[Data records]

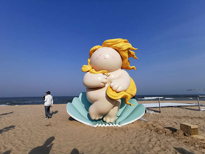 艺术家大橘子的作品《维纳斯的诞生》是大艺术家系列中的一个人物,取材于波提切利的名画,作品依托这幅世界名画以可爱的方式来到我们的生活中。将雕塑和真实的大海结合在一起,创造一个更加有趣可爱的场景。
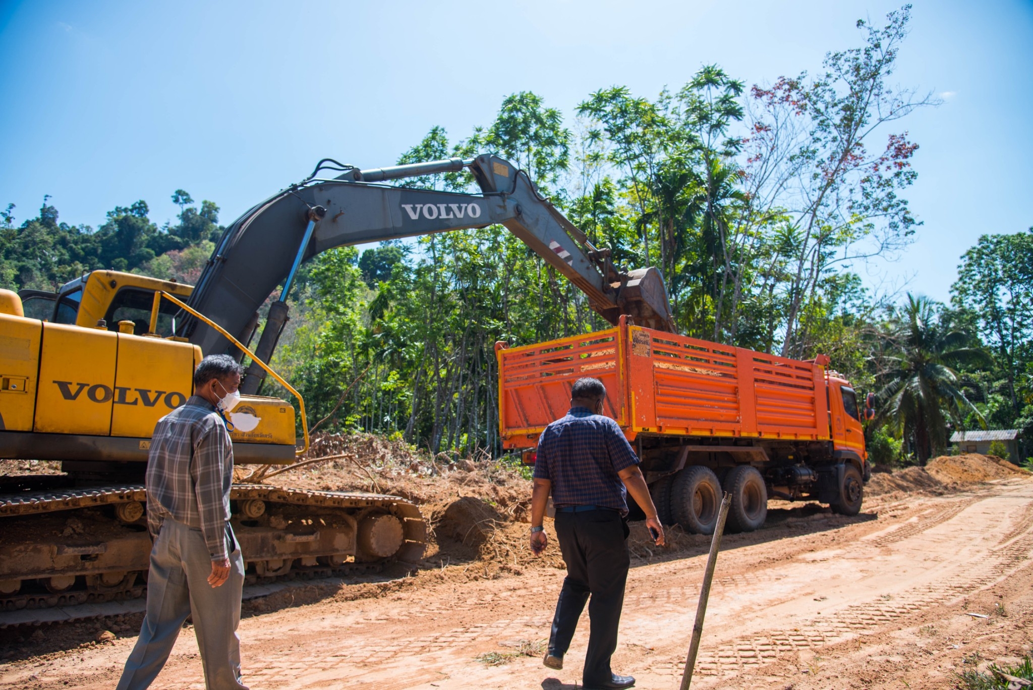 วันที่ 2 กุมภาพันธ์ 2565 นายบุ่นเล้ง โล่สถาพรพิพิธ นายก อบจ.ตรัง มอบหมายให้นายจารึก ทองหนัน รองนายก อบจ.ตรัง และนายณรงค์ พิชัยรัตน์ นายช่างโยธาอาวุโส กองช่าง อบจ.ตรัง ลงพื้นที่ติดตาม การปรับปรุงถนนลูกรังสายบ้านเคี่ยมงาม ม.8,7 ต.บ่อน้ำร้อน เชื่อมต่อ ม.2 ต.บางสัก อ.กันตัง โดยการ สนับสนุนเครื่องจักรกลชุดใหญ่ พร้อมน้ำมันเชื้อเพลิงเพื่อขยายผิวจราจรขนาด 3 เมตร เป็น 6-7 เมตร ระยะทางประมาณ 7.5 กิโลเมตร
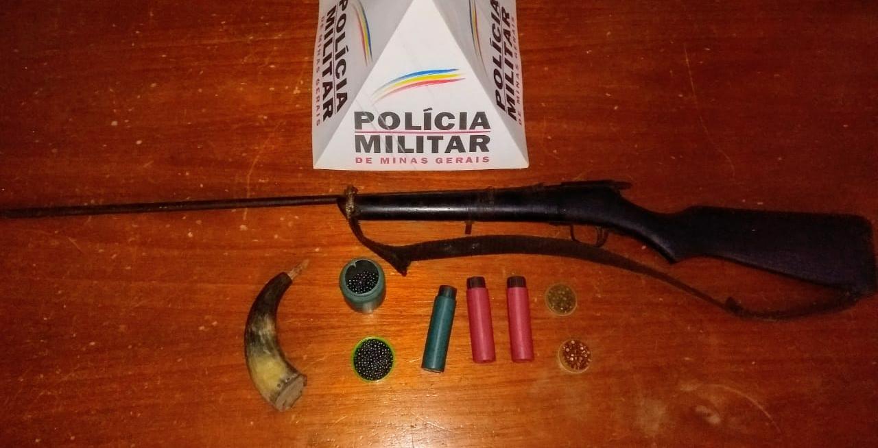 No local, em contato com o indivíduo de 56 anos, ele confirmou possuir uma arma de fogo tipo espingarda sem calibre ou marca definidos.
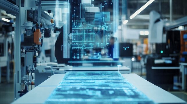A modern office conference room with a digital holographic interface overlay, symbolizing futuristic technology and business collaboration.
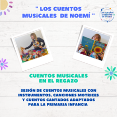 Sesión de cuentos musicales con instrumentos, canciones motrices y cuentos cantados adaptados para la primera infancia.
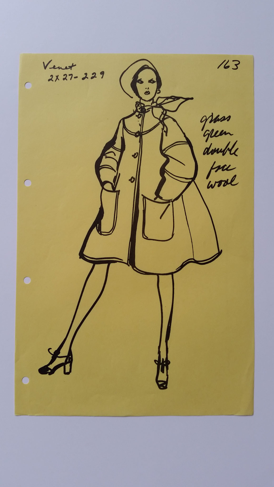 Bonito boceto para el conjunto de chaqueta y falda de Philippe Venet realizado por la oficina de estilo neoyorquino del diseñador firmado Philippe Venet.
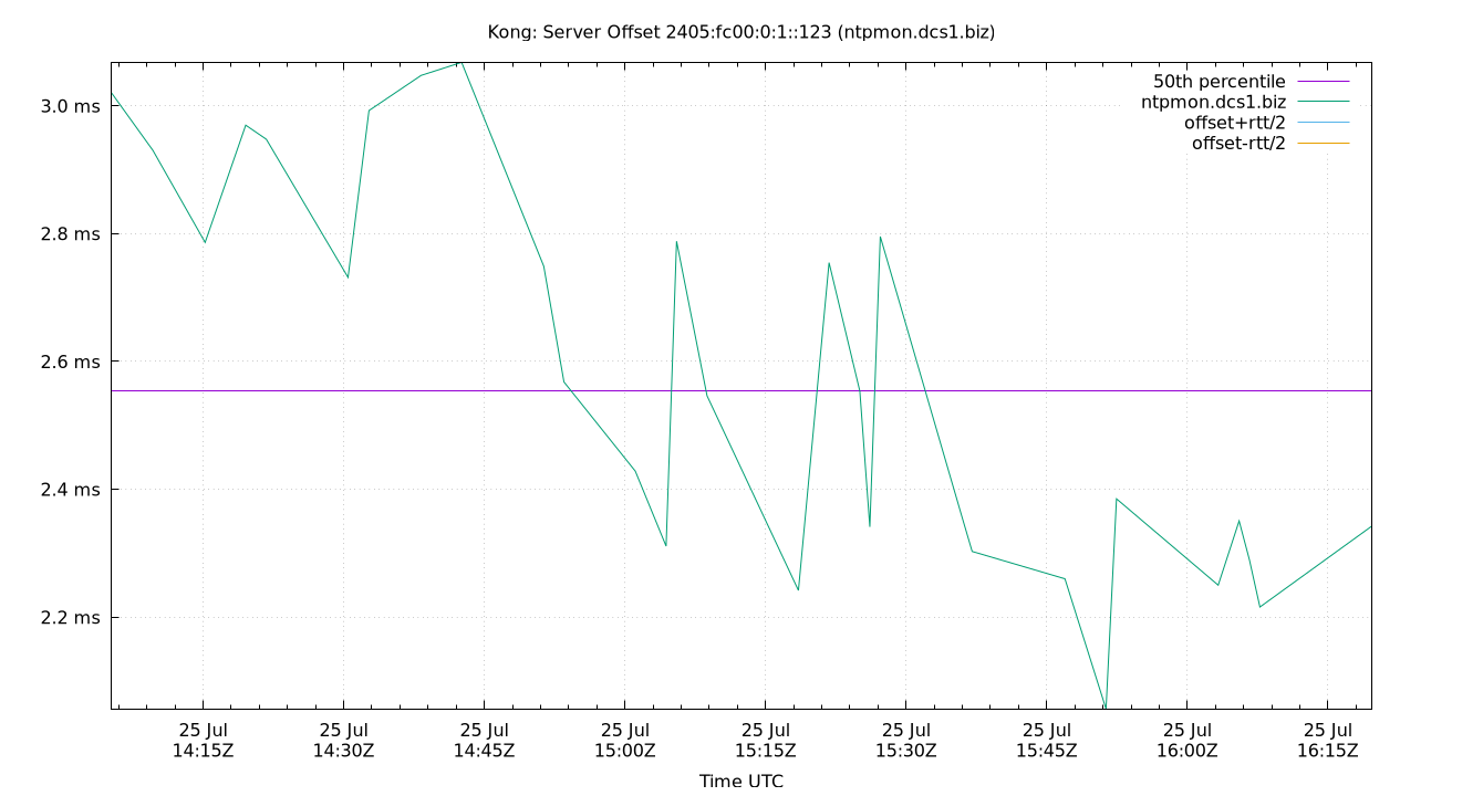 | Server Offset 2606:4700:f1::123 (time.cloudflare.com) | -1.789 | -0.780 | -0.394 | 0.740 | 1.900 | 2.051 | 2.380 | 2.294 | 2.831 | 0.887 | 0.769 | ms | -0.0724 | 1.382 | ||
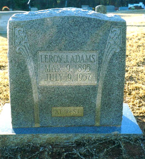 | Adams, Leroy J. | 9 Mar. 1895 | 9 July 1957 | "AT REST" [h/o Betty Duvall - her first husband was James D. Wear. She is buried close to James in Hickory Springs Cem.] | CM & RW |
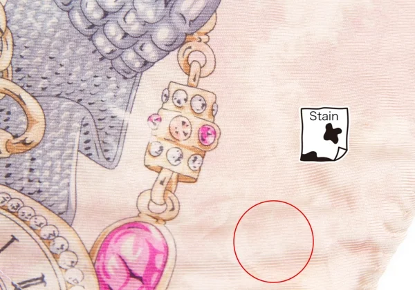 スカーフ先薄汚れ、左袖引っかきがあります(写真参照)。その他に目立ったシミ、汚れ、ほつれ等なくいい状態です。クリーニング済み
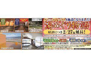 2/27迄<弘法の湯 本店>&<弘法の湯 長岡店>&<頼朝の湯 本陣>の大浴場もご利用可!
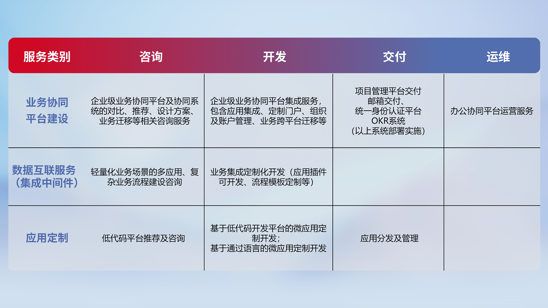 针对钉钉、、、企微、、、IDaas等平台级产品提供产品的规划、、方案、、、、交付、、、定制化开发等服务,,实现如统一协同办公、、、、智能客户服务、、混合会议管理、、、智能数据查询、、、、等业务场景,,,,实现数字化转型。。。
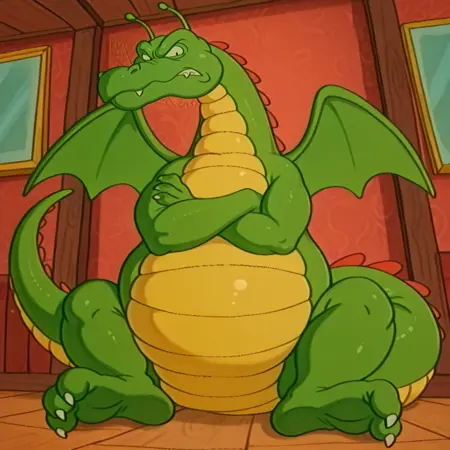 タグ: ドラゴン、緑色の体、黄色の腹部、赤いトゲ、触角、翼、牙、下重型、半人間

» **AIM OF THE TASK**:
Write out the records above exactly as they stand, leaving out every picture.

» **WRITTEN REPLY**:
 艺术家大橘子的作品《维纳斯的诞生》是大艺术家系列中的一个人物,取材于波提切利的名画,作品依托这幅世界名画以可爱的方式来到我们的生活中。将雕塑和真实的大海结合在一起,创造一个更加有趣可爱的场景。
 วันที่ 2 กุมภาพันธ์ 2565 นายบุ่นเล้ง โล่สถาพรพิพิธ นายก อบจ.ตรัง มอบหมายให้นายจารึก ทองหนัน รองนายก อบจ.ตรัง และนายณรงค์ พิชัยรัตน์ นายช่างโยธาอาวุโส กองช่าง อบจ.ตรัง ลงพื้นที่ติดตาม การปรับปรุงถนนลูกรังสายบ้านเคี่ยมงาม ม.8,7 ต.บ่อน้ำร้อน เชื่อมต่อ ม.2 ต.บางสัก อ.กันตัง โดยการ สนับสนุนเครื่องจักรกลชุดใหญ่ พร้อมน้ำมันเชื้อเพลิงเพื่อขยายผิวจราจรขนาด 3 เมตร เป็น 6-7 เมตร ระยะทางประมาณ 7.5 กิโลเมตร
 No local, em contato com o indivíduo de 56 anos, ele confirmou possuir uma arma de fogo tipo espingarda sem calibre ou marca definidos.
A modern office conference room with a digital holographic interface overlay, symbolizing futuristic technology and business collaboration.
 Sesión de cuentos musicales con instrumentos, canciones motrices y cuentos cantados adaptados para la primera infancia.
 Bonito boceto para el conjunto de chaqueta y falda de Philippe Venet realizado por la oficina de estilo neoyorquino del diseñador firmado Philippe Venet.
 | Server Offset 2606:4700:f1::123 (time.cloudflare.com) | -1.789 | -0.780 | -0.394 | 0.740 | 1.900 | 2.051 | 2.380 | 2.294 | 2.831 | 0.887 | 0.769 | ms | -0.0724 | 1.382 | ||
 | Adams, Leroy J. | 9 Mar. 1895 | 9 July 1957 | "AT REST" [h/o Betty Duvall - her first husband was James D. Wear. She is buried close to James in Hickory Springs Cem.] | CM & RW |
 スカーフ先薄汚れ、左袖引っかきがあります(写真参照)。その他に目立ったシミ、汚れ、ほつれ等なくいい状態です。クリーニング済み
 2/27迄<弘法の湯 本店>&<弘法の湯 長岡店>&<頼朝の湯 本陣>の大浴場もご利用可!
 针对钉钉、、、企微、、、IDaas等平台级产品提供产品的规划、、方案、、、、交付、、、定制化开发等服务,,实现如统一协同办公、、、、智能客户服务、、混合会议管理、、、智能数据查询、、、、等业务场景,,,,实现数字化转型。。。
 タグ: ドラゴン、緑色の体、黄色の腹部、赤いトゲ、触角、翼、牙、下重型、半人間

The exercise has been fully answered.